《前へ 戻る TEXT表示 登場人物紹介へ オリジナル用語集へ 次へ》

 有らん限りの声を張り上げて。狩人達は皆、闇夜に刃の煌きを掲げて走る。爆炎の残滓が燻る、老山龍へと向かって。さながらその姿は、巨象へ群がる蟻の如く。ギルドナイトの声に士気も高く、誰もが全速力で古龍の懐へ飛び込んでいった。
 だが、距離が近付くにしたがい、その巨躯はますます大きく圧し掛かって。ただ歩く、それだけで災害となって人間を襲った。首を反らし見上げても、闇夜にその全容は把握できず。まるで足元の虫ケラなど気にも留めぬ様子で、我が物顔に谷間を進む。踏みしめる大地は軋んで激震に揺れ、舞い上がる風圧は容易くハンター達を吹き飛ばした。それでも果敢に挑む者も居れば…やはり足の竦む者も。徐々に駆ける速力を弱めながら、一人の少年が立ち止まった。

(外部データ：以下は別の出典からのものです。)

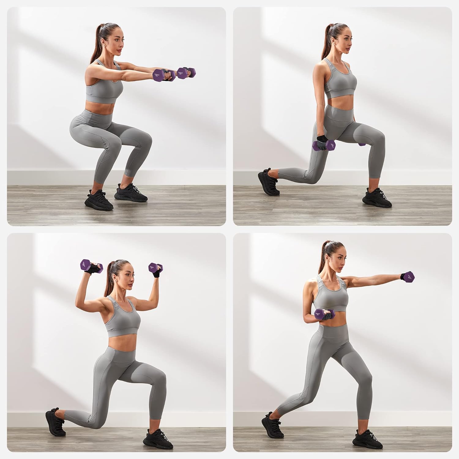 Utilizare: perfecte pentru exercitii de tonifiere, incalzire, cardio usor, pilates, aerobic si dezvoltarea treptata a fortei musculare. Pot fi folosite atat de incepatori, cat si de cei care doresc un set compact pentru antrenamente zilnice.
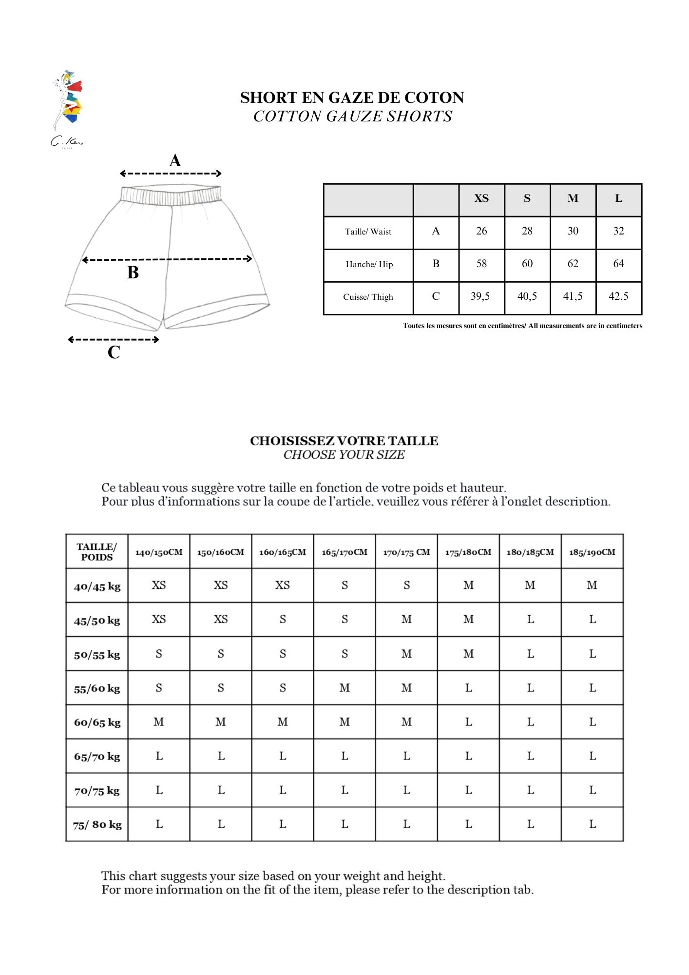 Advice: Shorts – Fitted elastic waist. Take one size up from your usual size.

「ランドール殿、そんな槍で古龍が突けますかな?さっさと買い換えればよいものを…」
「言ってろっ!コイツはそんなにヤワじゃねぇ…デフこそ火竜以外を狩れるとは驚いたぜ?」
「失礼な。私はアレコレ一通り狩った後、故あって火竜種の専門となったのですよ」
「はいはい、解った解った。こいつが終わったら、一杯飲みながら聞いてやるっ!行くぜ!」

 名うての猛者達が、まるでランポスでも狩るかのような勢いで走り去る。だが、一度立ち止まるともう、振るえる足は一歩も前に踏み出せない。身体を伝う汗は体温を無情にも奪い、狩りの熱気が夜の寒さに取って代わる。少年は今、はっきりと自覚した…恐怖を。自らの実力に照らし合わせての、冷静で合理的な恐れではない。まるで遺伝子に太古の昔より刻まれているかのような、原初の恐怖。膝に手を付き呼吸を整えれば、砂岩質の大地へ汗が滴った。

「っしゃぁ!ゆっきー、俺ぁ腹ん下に潜ってみるぜ!」
「俺は足を!あの巨体を支える足だ…きっとそれなりの負荷が掛かってる筈!」

 また一組のハンター達が、少年を追い越してゆく…その片方は、自分と同じ雄火竜の防具を着込んでいた。雌火竜素材の甲冑を着たランサーと、我先にと老山龍へ馳せる。背負う蛇剣に輝く水晶の瞳が、僅かな光を反射して輝いていた。同じ防具を着込んでいるのに、同じようには走れない…この場で退く理由を探しながら、少年は俯き唇を噛み締める。
 今になって思い起こせば、何故…どうして参加してしまったのだろう?無茶で無謀なココット防衛に。確かにこの村は自分の故郷だし、村長には大きな大きな恩がある。だが、ミナガルデで多少とはいえ名が売れ始めたというのに…ここではまるで、ナイフ一本しか持たぬルーキーにも満たない。

「第一区の汚名挽回だっ!行くぞ野郎共っ!」
「どうぞ挽回なさってください…私は名誉を選びますが」
「そそ、挽回するのは名誉、汚名は返上しなきゃな!」

 包帯の白さも痛々しい、恐らく第一区から来たであろうハンター達。だが、彼等彼女等もまた、迷わず老山龍へと挑んでゆく。そんな者達が追い抜きざまに投げかける視線は…ことのほか優しい。いたたまれなくなる程に。共に闘う者に厳しい反面、闘えぬ者を蔑む狩人は少ない。誰でも恐ろしいのだ。飛竜ならまだしも、未知の生物であり、生物であるかどうかも疑わしい…大自然の驚異に一番近い存在、古龍が相手であれば尚更。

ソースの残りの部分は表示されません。